Rapid change defies simple measures or models. As cities expand in population and built-form on their peripheries or turn over neighborhoods, buildings, and infrastructure in the core, it is a challenging task to measure that change, let alone to model it. The process of urbanization, both as a driver and outcome of change, is highly complex. Even with most sophisticated models, demographers, economists, and land use change modelers have difficulty predicting change accurately. This is especially the case in heterogeneous environments, which cities inherently are. Complexity of urban areas is amplified in rapidly changing metropolises, such as Beijing and Phoenix. Incorporating ecological and engineering dynamics (outcomes and drivers) complicates the models further still. When the very different histories, economies, and systems of governance of China and the United States are added, the models become more inclusive but increasingly complex. Yet, any efforts to mitigate negative impacts to ecology and society, or amplify positive outcomes, requires a systematic analysis of such biocomplexity. In short, any efforts to build, design, or plan sustainable cities requires an acceptance of the complexity of the systems and a willingness to analyze them within a biocomplexity framework. Given the immense amount of energy, materials, and wastes that cities produce and consume, it is urban areas that such analyses are needed most. Global sustainability necessitates particular attention to urban sustainability.

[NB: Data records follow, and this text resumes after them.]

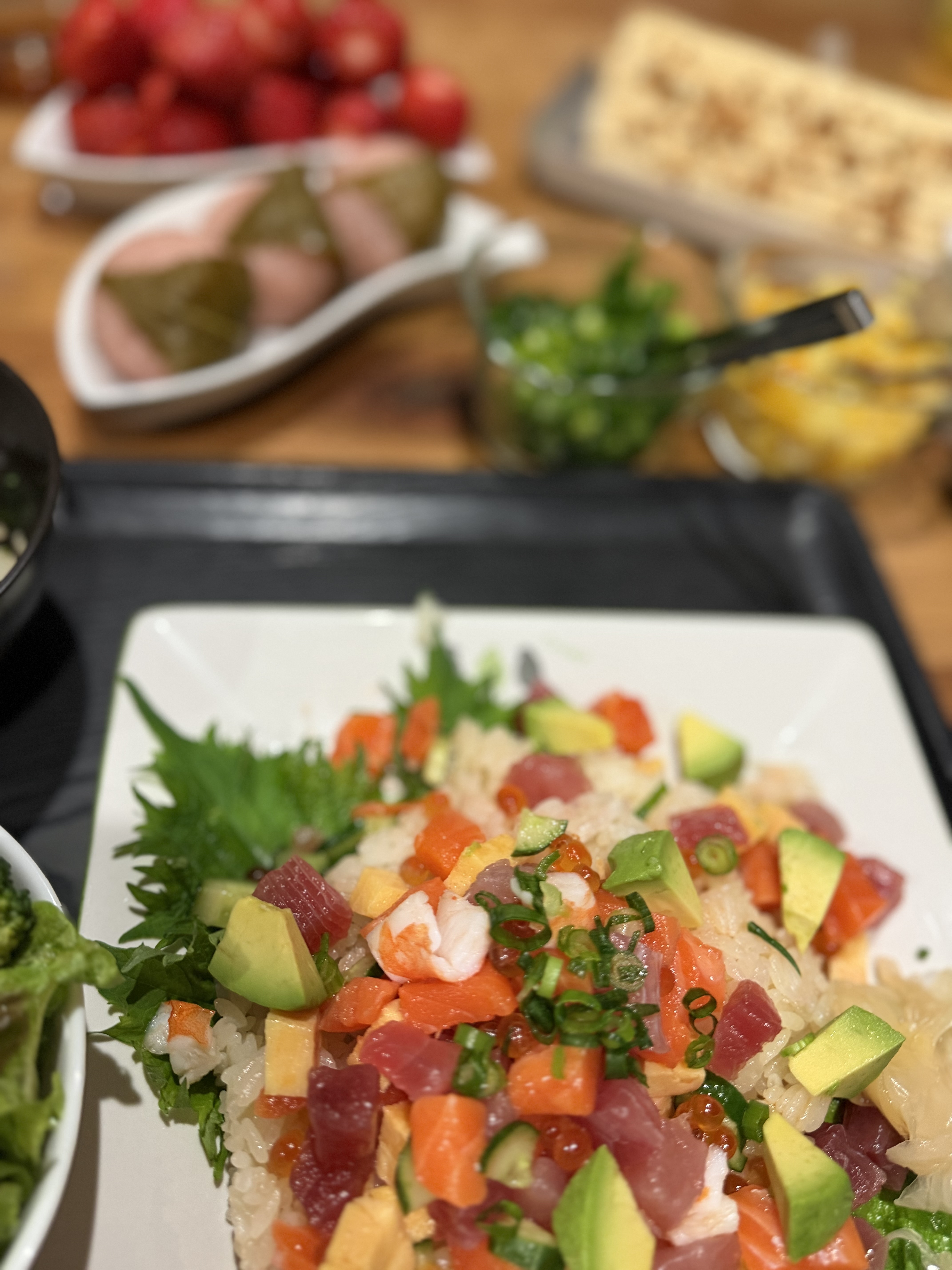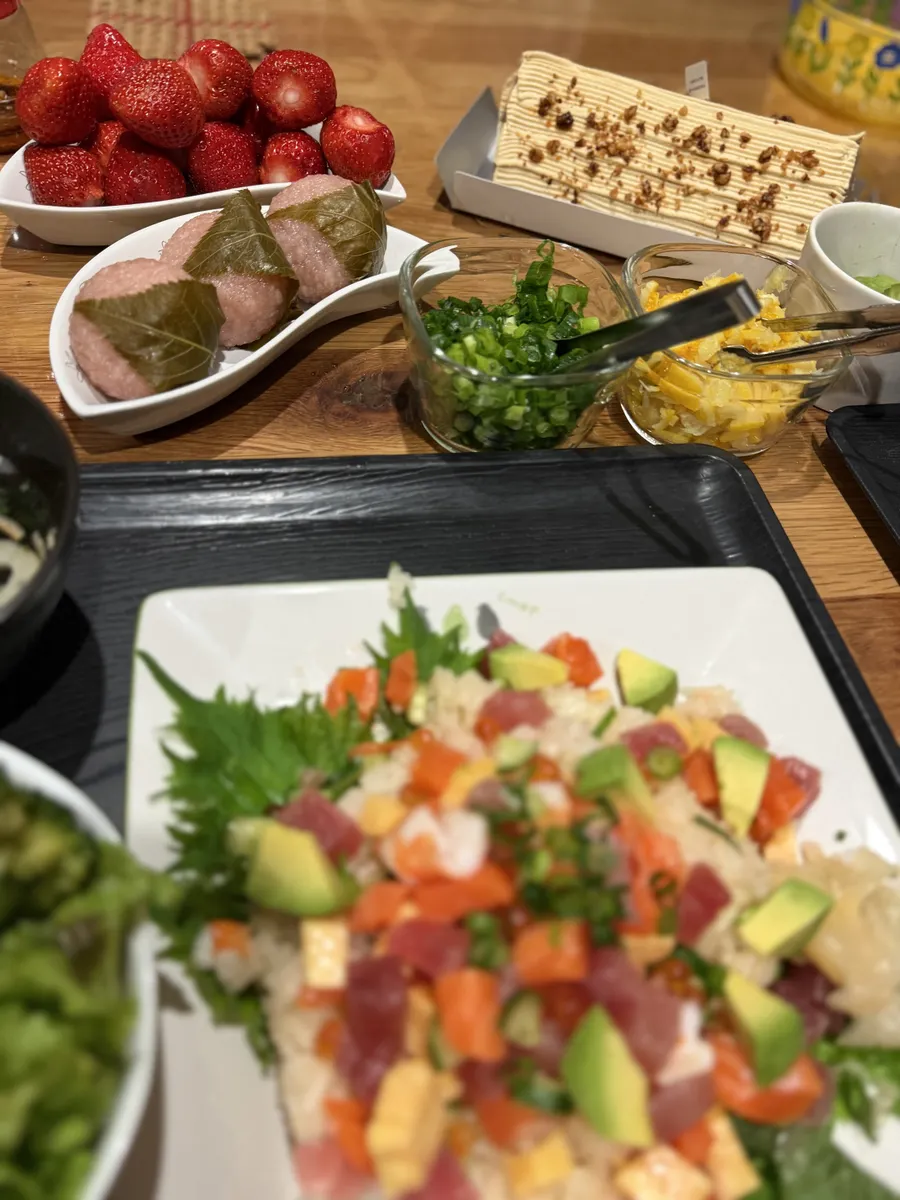 投稿を表示海鮮チラシ寿司、さくら餅、ケーキとみんな美味しいですね😋🎶
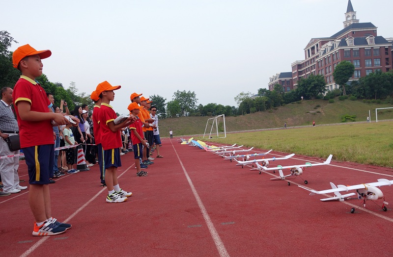 下午,在华立中英文学校足球场还举行了自由飞、遥控纸飞机(拉烟)、纸飞机(30米飘带)、飞机空投等航模飞行表演,晚上则有以科普为主题,涵盖科普教育宣传片、机器人表演、科普剧等内容的文艺晚会。
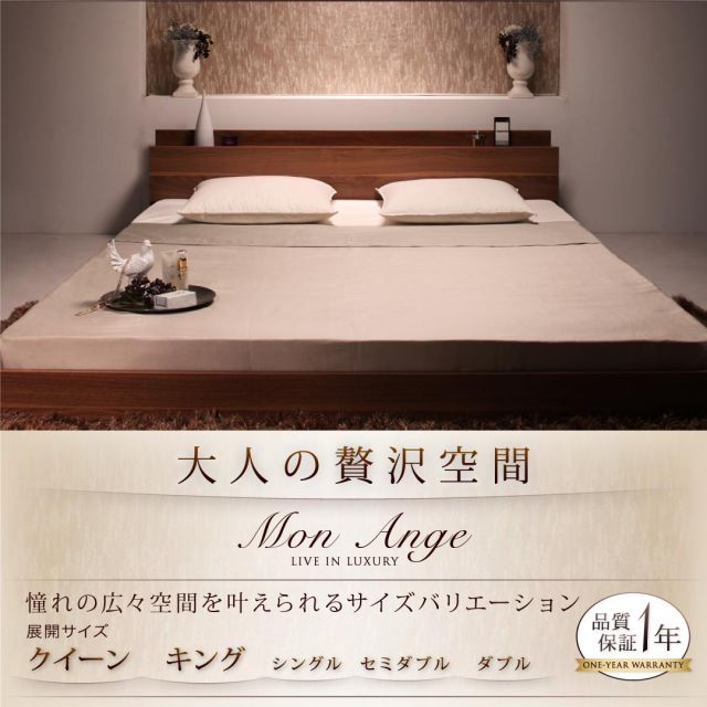 棚・コンセント付きフロアベッド マルチラススーパースプリングマットレス付き シングル
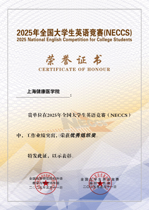 近日,我校临床医学院2024级学生蔡宇旸在教育部高教司批准举办规模最大、影响力最广的大学生英语赛事中,凭借扎实的语言功底和出色的临场发挥,从上海赛区41所参赛高校的选手中脱颖而出,在笔试和口试环节均表现优异,获得国家级特等奖。这是我校学生连续两年蝉联该项赛事的最高奖项。另有6名同学荣获国家级一等奖,他们分别是:临床医学院江咏轩、张佳怡,护理与健康管理学院方一欣,医学技术学院吴冯怡、仇天怡,以及健康与公共卫生学院张钰劼。
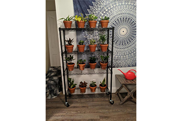 Wire mesh shelving can plant the flowers and don't take up the place.
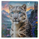 Snow Leopard in wildflowers in a valley surrounded by Mountains

In the US alone, rapid urbanization will result in an expansion of the built environment to 427 billion ft2 by 2030, an increase of more than 40% since 2000. Collectively, the materials/building sector accounts for over 20% of the US economy and the activities associated with constructing and using pavements, infrastructure, and buildings consume 65% of electricity, 37% of primary energy, 25% of water supplies, and 30% of all wood and materials. The built environment and its occupants will generate 35% of solid waste, 36% of CO2 and 46% of SO2 emissions, 19% of NOx and 10% of fine-particulate emissions.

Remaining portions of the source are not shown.